MDH Releases Updated Data During Senate Hearing on COVID-19
Posted on June 3, 2020 by Jodi Boyne
The Minnesota Department of Health (MDH) yesterday released updated data on the status of COVID-19 in long term care settings during a Senate Family Care and Aging Committee hearing.
MDH Commissioner Jan Malcolm opened the hearing by highlighting a preliminary data analysis of positive cases and deaths in nursing homes based on the CMS nursing home reporting requirements:
- Positive Cases: Average number of nursing home cases per 1000 – National average is 62%. Minnesota average is 39.9%.
- Deaths: Average number of nursing home deaths per 1000 - National average for is 27.5%. Minnesota average is 12.7%.
The Commissioner noted that there is not a standardized process for how all nursing homes are reporting data, so it still varies state-by-state, and that many states do not track or report positive cases or deaths in assisted living like we do in Minnesota.
That status of long-term care settings in Minnesota that have a determinable outbreak:
- 855 facilities with determinable outbreak status (439 or 51% have active infections/cases).
- 472 facilities with 1 or 2 cases (144 or 30% have active infections/cases).
- 377 facilities with 3 or more cases (295 or 78% have active infections/cases).
Download the Presentation. Watch the Hearing (1 hour, 23 minutes)
Testing
On testing, the National Guard has swabbed more than 40 long-term care settings across the state, including over 8,000 residents and staff. More than 40 settings are scheduled for initial or follow-up National Guard swabbing over the next week.

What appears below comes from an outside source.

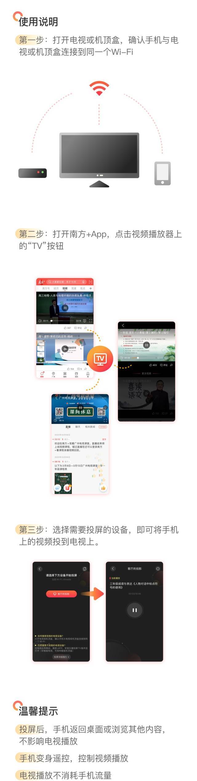 用户更新或下载南方+6.4.5版本客户端后,打开App,点击视频播放器上的“TV”按钮,即可实现一键投屏到电视上观看,《粤课堂》和珠三角九市网课一网打尽。点击直达:流畅!珠三角网课九城全覆盖,名校名师名课尽在南方+
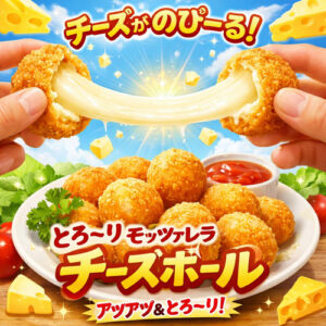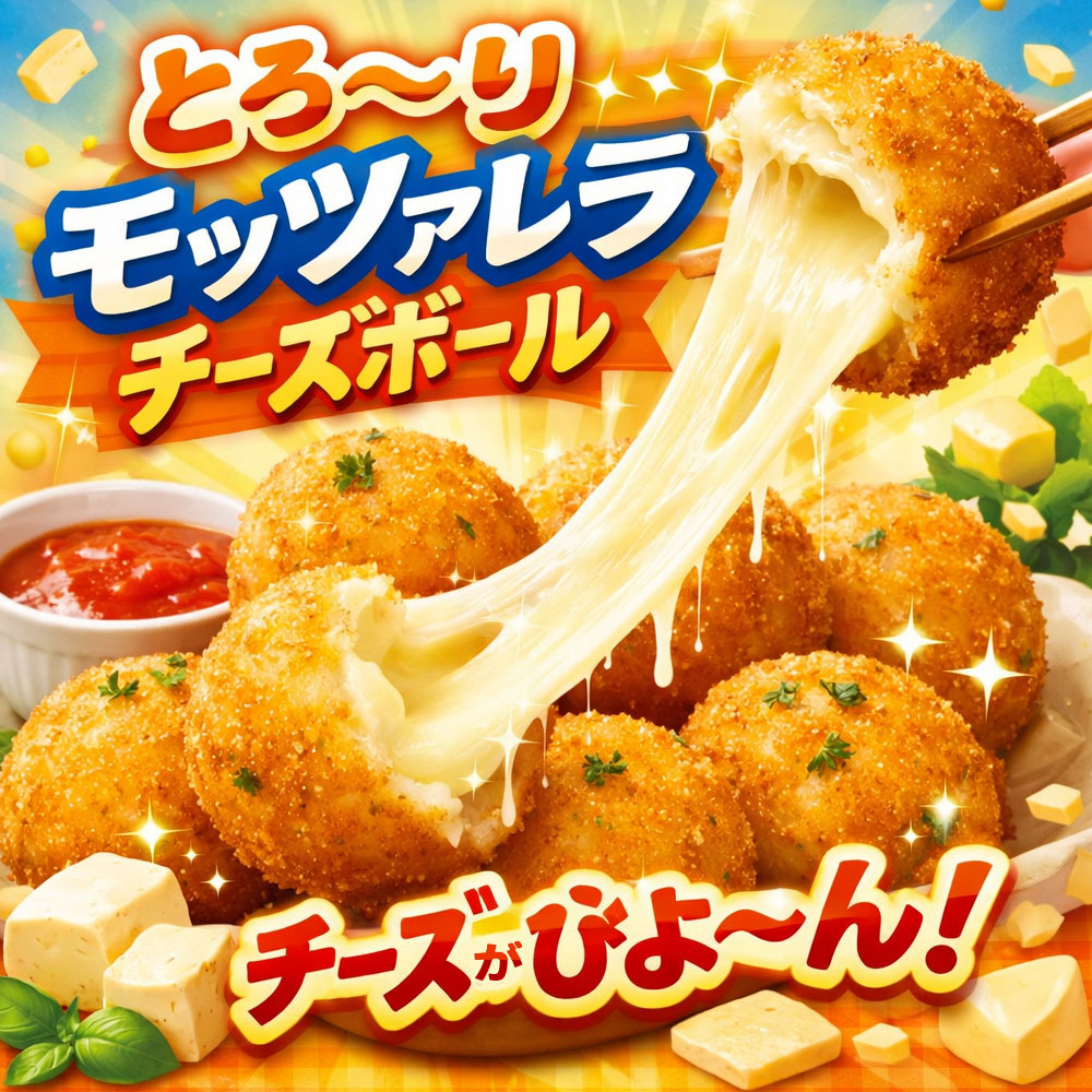「モッツァレラチーズボール」は、モッツァレラチーズを100%使用した、チーズ好きのための一口サイズフライです。

MDH noted that may other long-term care providers have completed full-house testing on their own using their own staff or an existing provider partnership. Leading Minnesota members are reminded of the process MDH recommends for point prevalence surveys (testing):
- You should first work with your regular health system and laboratory to provide needed testing materials and support.
- If you do not have this capability or are unable to access these resources, the State can support facility efforts through its Mobile Testing Team.
Members are encouraged to complete the RedCap survey to request support from the Mobile Testing Team. MDH note that more than 400 providers have responded to the survey, with 127 providers saying they plan to test on their own. If you have not already done so, please complete the RedCap survey.
MDH said the state continues its work to identify a mechanism for payment so that providers do not accrue the costs related to testing.
Admitting COVID-19 Positive Patients in Long-Term Care Settings
Senators who serve on the committee asked several questions regarding the data and testing, but also raised a concern that we are also seeing reported in the media: whether COVID-19 positive patients from hospitals should be discharged to long-term care settings.
MDH Commissioner Malcolm said that a skilled nursing setting can be the right setting as they provide the right level of care from staff who have the experience and capability to serve those patients. She also noted that in some instances people may be returning to their home from a hospital stay. MDH also referenced that there are criteria for settings that admit COVID-19 positive patients, including an isolated unit or wing and a dedicated staff team with the appropriate ppe.
As we have previously reported, the Long-Term Care Imperative requested a meeting with key stakeholders to discuss admission of COVID-19 positive patients in long-term care settings. As Minnesota is still anticipating a surge and potentially greater pressure from hospital discharges, this discussion is a timely one.
A meeting was held this week with MDH, the Minnesota Hospital Association, Long Term Care Ombudsman, LeadingAge Minnesota and Care Providers of Minnesota top discuss admission of COVID-19 positive patients into long-term care settings and clearer guidance and communication on the step-down procedures for providing care for COVID-19 positive patients.
We will keep you posted as this discussion progresses.